Art far and wide

Well-known Delhi-based Classical Ballet artiste Galina Lyakhova on her long artistic journey in India

April 17, 2015 06:42 pm | Updated 06:43 pm IST

Galina Lyakhova

Galina Lyakhova

It was a student scholarship of the Indian Government that brought a young Galina Lyakhova from Russia to New Delhi to pursue Kathak. Trained in Classical Ballet, and having learnt Kathak in Moscow from Shakti Roberts, Galina, now serving her last days as the head of the School of Russian Classical Ballet at the city’s Russian Centre of Science and Culture — a place she is often credited for giving a much needed fillip and thereby attracting a large number of students for over a decade, says she didn’t know then that her short India sojourn would lead to meeting her first true love, her Indian husband, and that she would stay back in the country.

“I came to India on an Indian Council for Cultural Relations (ICCR) scholarship as a young ballet dancer in 1993. I learnt Kathak from Nandini Singh. It was not to leave Classical Ballet and become a Kathak dancer but to widen my understanding of yet another classical dance form. I feel, to become a complete dancer, you need to understand other forms too,” says Gallina. Those days, since there was no space for her to practice ballet, the then deputy director of the Russian Centre allowed her and some other Russian students to practice their art within the premises. “By 1994, I began teaching ballet to some kids of the Embassy officials,” she recalls her early days as a ballet teacher in Delhi.

Though Centre started the ballet school in 1982, she says it had been facing the problem of lack of trained teachers for some years. “From 1989 till I joined it in 2000, the school had no teacher. In fact, it began not as a school but as a small ballet studio with about 10-15 students,” she says. When the Centre asked her to join it, she quickly agreed.

“Ballet is oxygen for me and I love teaching it. Even today I can go on practising for hours together to get the desired result in students. So I readily agreed. The then administration rightly considered that such a school is very important for promotion of Russian art in the Indian Capital,” says Galina.

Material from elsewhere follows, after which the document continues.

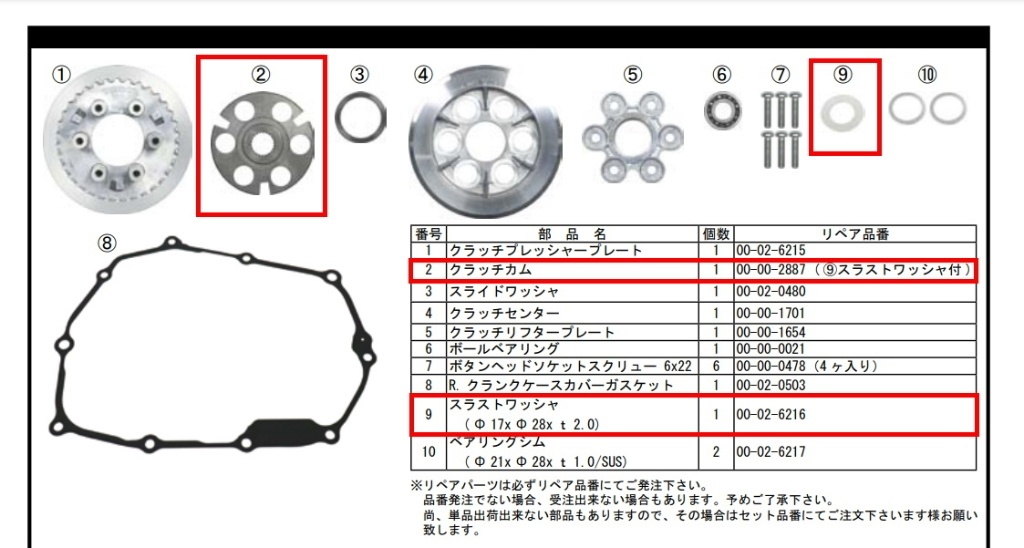 ■商品概要・リフタープレート×1・加工済みクロモリボルト×6・強さ調整用ワッシャー×6■詳細説明クラッチスプリングの'振動'と摺動のフリクションロスを低減させ、よりクラッチを正確に作動させ、タッチの向上、スムーズな操作感になります。握りをソフトにも出来ます。付属のワッシャー無しでSPリフタープレートを組むと、ノーマルよりスプリングを潰す量が1.0mm減るので握りが『ソフト、でも繋がりは強く』になります。付属の1.0mmワッシャーをクラッチセンターの上、スプリングの下に入れていただくと握りが、『純正とほぼ同じ握りの重さになり、繋がりがより強く』になります。・吉良選手によると、一般の方はワッシャー無しソフトがお勧めとの事です。【画像説明】1.セット内容。2.スプリングがしっかり嵌り込み、振動を本体に伝えません。この1mm分スプリングを圧縮する量が減り、握りが軽くなりますが、振動を抑えたスムーズな作動により、タッチが向上します。3.4.加工済みクロモリボルトがしっかりとSPリフタープレートに嵌り込み、組み込み精度が上がり作動がしっかりします。5.この図の13280Aと92154×6本を組み替えます。この92145の6本のスプリングは長い針金を丸めた物なので、必ず振動します。その振動を抑え、クラッチ本体を揺らさないようにします。■注意点※メーカー都合により商品の仕様変更がある場合がございます。ご了承ください。■適合車種KLX230R KLX230R  備考: (R.S.SM.全タイプ)KLX230 KLX230  備考: (R.S.SM.全タイプ)KLX230S KLX230S  備考: (R.S.SM.全タイプ)KLX230SM KLX230SM  備考: (R.S.SM.全タイプ)
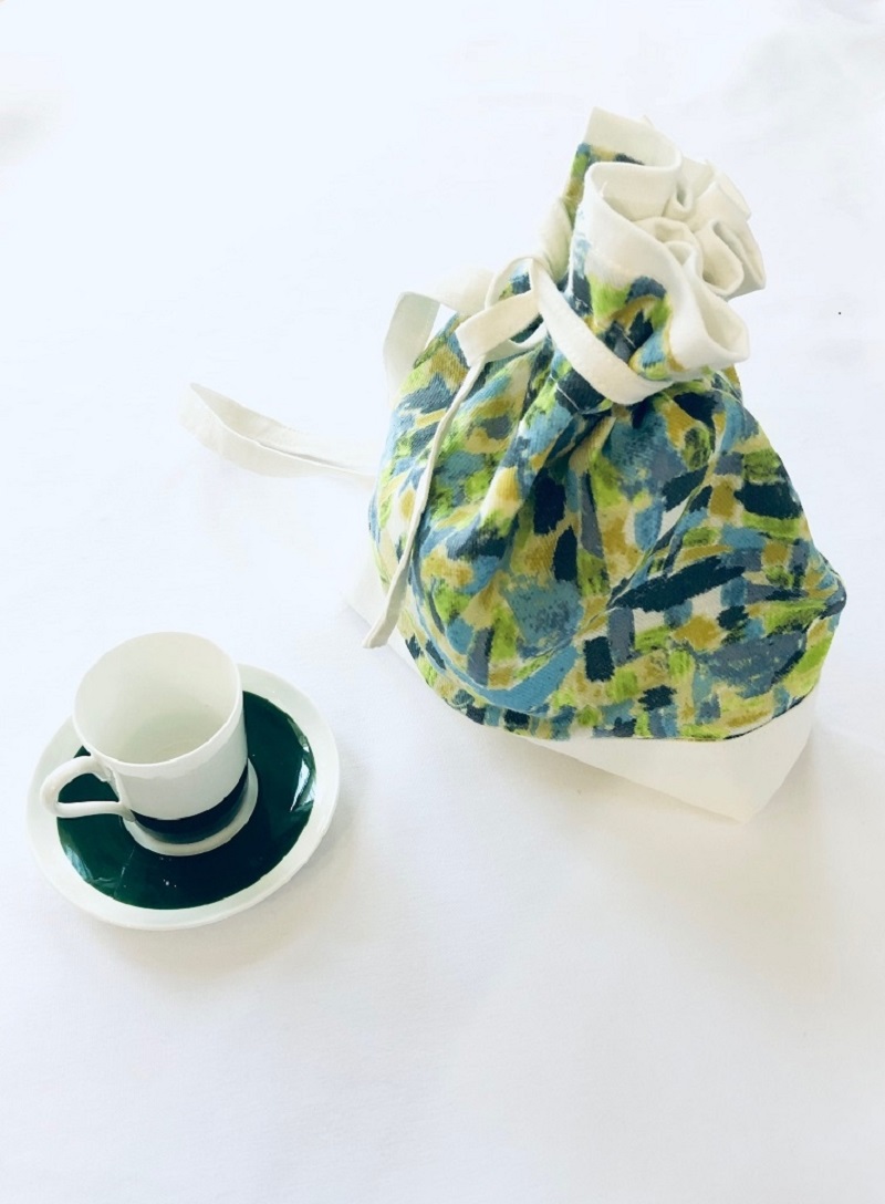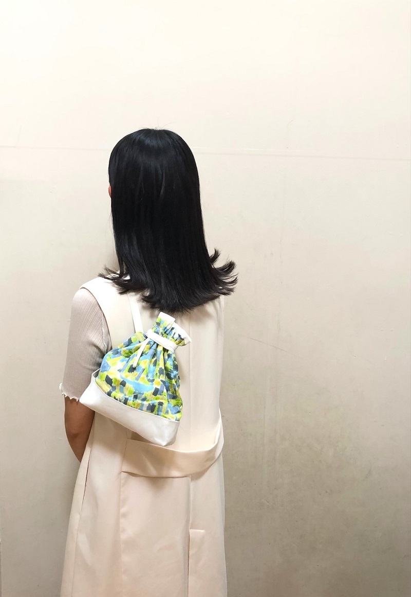 It is a fabric that looks like a refreshing and pleasant scenery is painted all across. The design is suitable for both small and large items. In order to take advantage of soft and smooth feel of the cotton linen viyella fabric, I created a drawstring bag.

Unlike today, ballet was not as popular in Delhi ten years ago. “I have worked really hard to popularise Classical Ballet in Delhi. From teaching students how to wear a leotard and dance, to bringing books and videos to show them how it is done in Russia, to choreographing my pieces, selecting the music, broadly designing the costumes, to bringing experts to take exams and grade them, I have done everything over the years. Even recently, I introduced lessons in dramatic skills to improve the expressions of the dancers. From nothing, the annual show of the School is now sometimes seen by more than a thousand people,” says Gallina, mentioning that she has been chosen for the 2014 badge of honour by the Russian Government for popularising its culture outside the country.

With her exit from the Centre imminent now, Galina says she will, however, continue to propagate Classical Ballet in Delhi. “I may have to find a place to continue teaching my students. I have taught so many students in the last 15 years, some of them have taken it up as a profession, so the legacy should continue.”